DATASET EXTRACT START

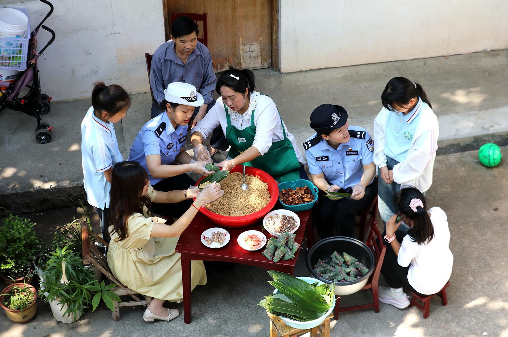 5月29日,安徽省舒城縣公安局交管大隊、舒茶派出所聯(lián)合溝二口村婦聯(lián)走進轄區(qū)村民家,開展“迎‘端午’話平安”活動。
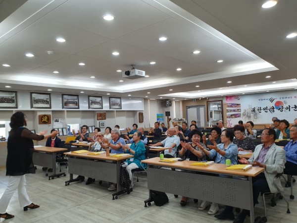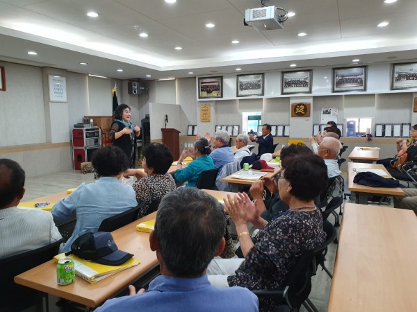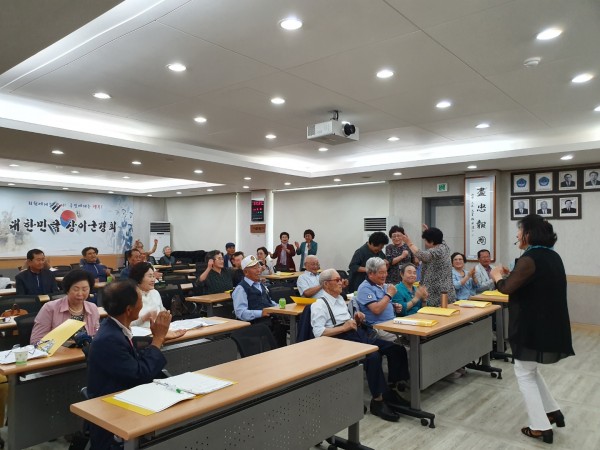 9월18일 수요일 2교시 수업은 10:00-10:50까지 웃음치료 수업이 이루어졌다. 문영희 강사는 스트페스를 해소할 수 있는 방법, 세상에서 제일 사랑받고 소중한 사람은 나, 또나, 바로나, 그래도나 등이라며 참여자들로하여금 자존감을 높여주었다. 수업이 끝날무렵 자리에 앉아있는 모든분들의 얼굴을 즐겁고 행복해 보였다.
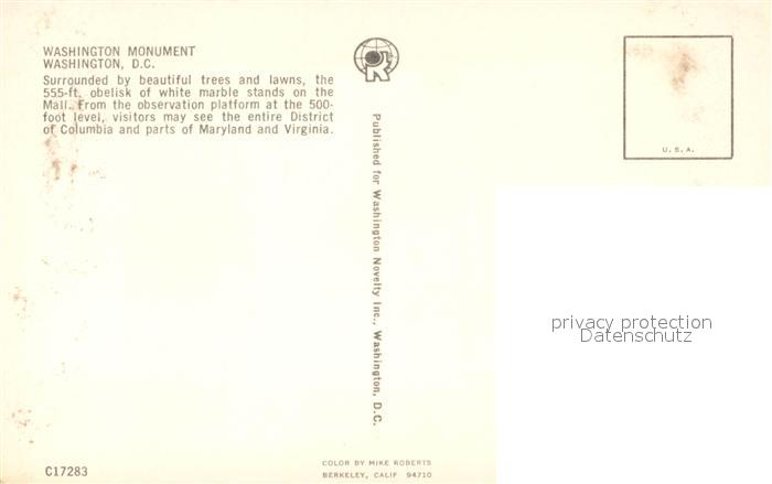 73061592 Washington DC Washington Monument postalisch nicht gelaufen Erhaltung siehe scans [WerneD78] KatCode: 14140090000000

DATASET EXTRACT END

**TASK DIRECTIONS:**
Exactly repeat every line from the line that includes "9월18일 수요일 2교시" to the end of the listing, and nothing else, leaving pictures out.

**OUTPUT OF THE TASK:**
 9월18일 수요일 2교시 수업은 10:00-10:50까지 웃음치료 수업이 이루어졌다. 문영희 강사는 스트페스를 해소할 수 있는 방법, 세상에서 제일 사랑받고 소중한 사람은 나, 또나, 바로나, 그래도나 등이라며 참여자들로하여금 자존감을 높여주었다. 수업이 끝날무렵 자리에 앉아있는 모든분들의 얼굴을 즐겁고 행복해 보였다.
 73061592 Washington DC Washington Monument postalisch nicht gelaufen Erhaltung siehe scans [WerneD78] KatCode: 14140090000000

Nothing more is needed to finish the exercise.